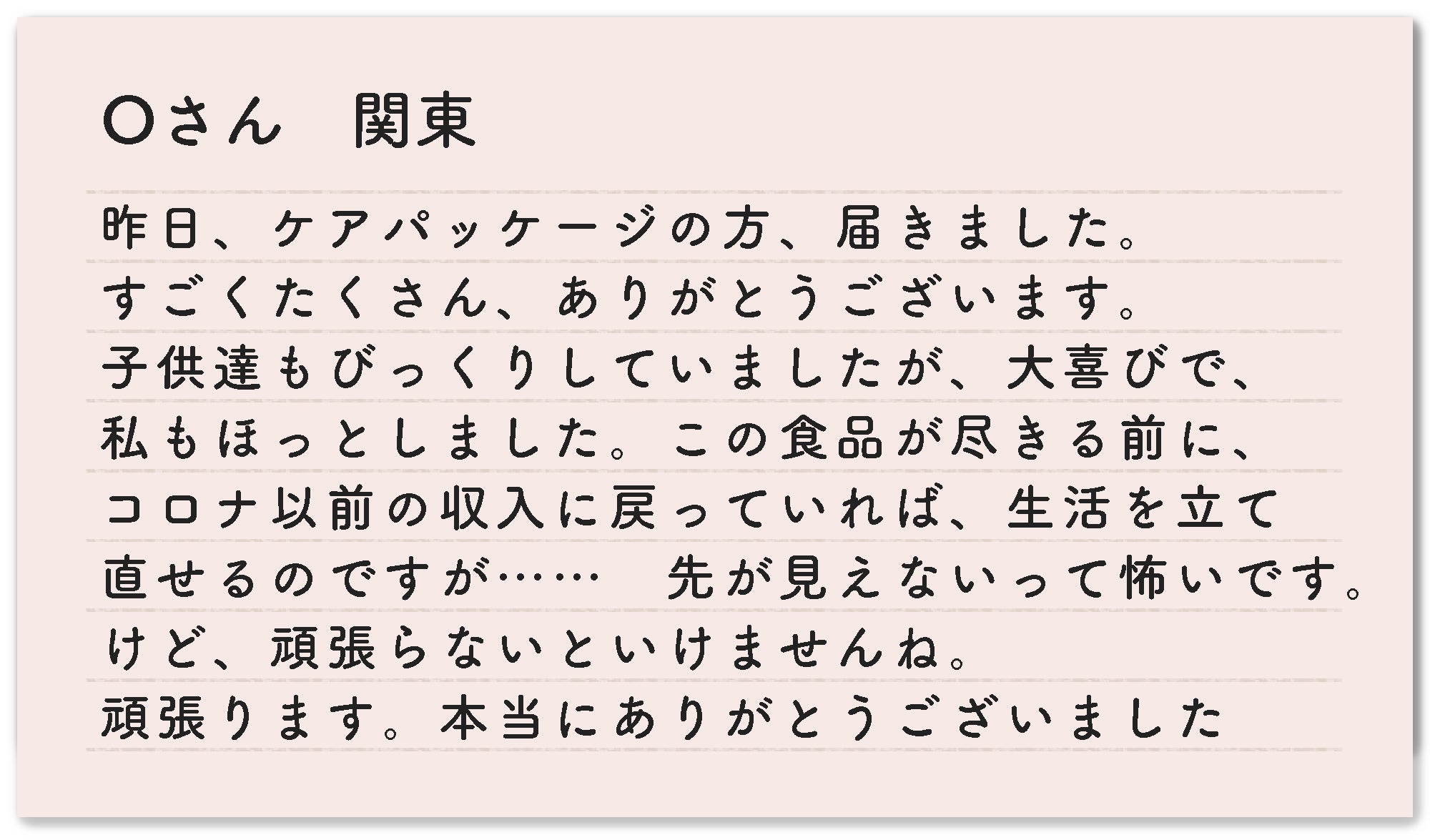 私たちの支援活動は、生活に困窮している方々の根本的な解決にはなりません。しかし、ケアパッケージを受け取られる方々が、少しでも慰められ、励まされ、頑張ってみようという思いが与えられることを願って活動しています。
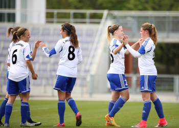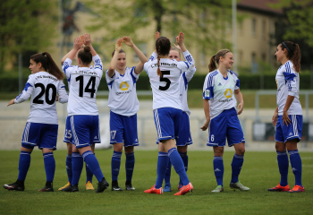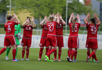 16.04.2017 xcex Deutschland, Frankfurt, Fussball, Frauenfussball 2. Frauen Bundesliga S?d Saison 2016/2017 1. FFC Frankfurt II gegen TSV Schott Mainz Abklatschen TSV Schott Mainz ***** Foto: A2/Hartenfelser
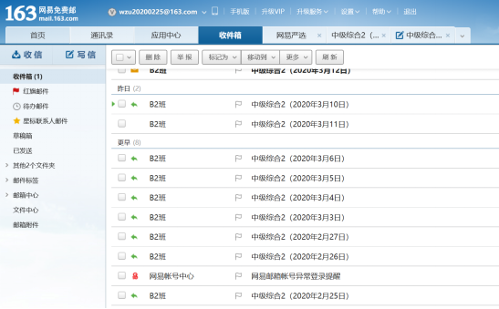 (1)将课程视频传至班级邮箱,或直接发送给一些学生。

» **TASK PROMPT**:
An unaltered copy of the material, without images, should be set down.

» **RESPONSE AREA**:
 私たちの支援活動は、生活に困窮している方々の根本的な解決にはなりません。しかし、ケアパッケージを受け取られる方々が、少しでも慰められ、励まされ、頑張ってみようという思いが与えられることを願って活動しています。
 16.04.2017 xcex Deutschland, Frankfurt, Fussball, Frauenfussball 2. Frauen Bundesliga S?d Saison 2016/2017 1. FFC Frankfurt II gegen TSV Schott Mainz Abklatschen TSV Schott Mainz ***** Foto: A2/Hartenfelser
 (1)将课程视频传至班级邮箱,或直接发送给一些学生。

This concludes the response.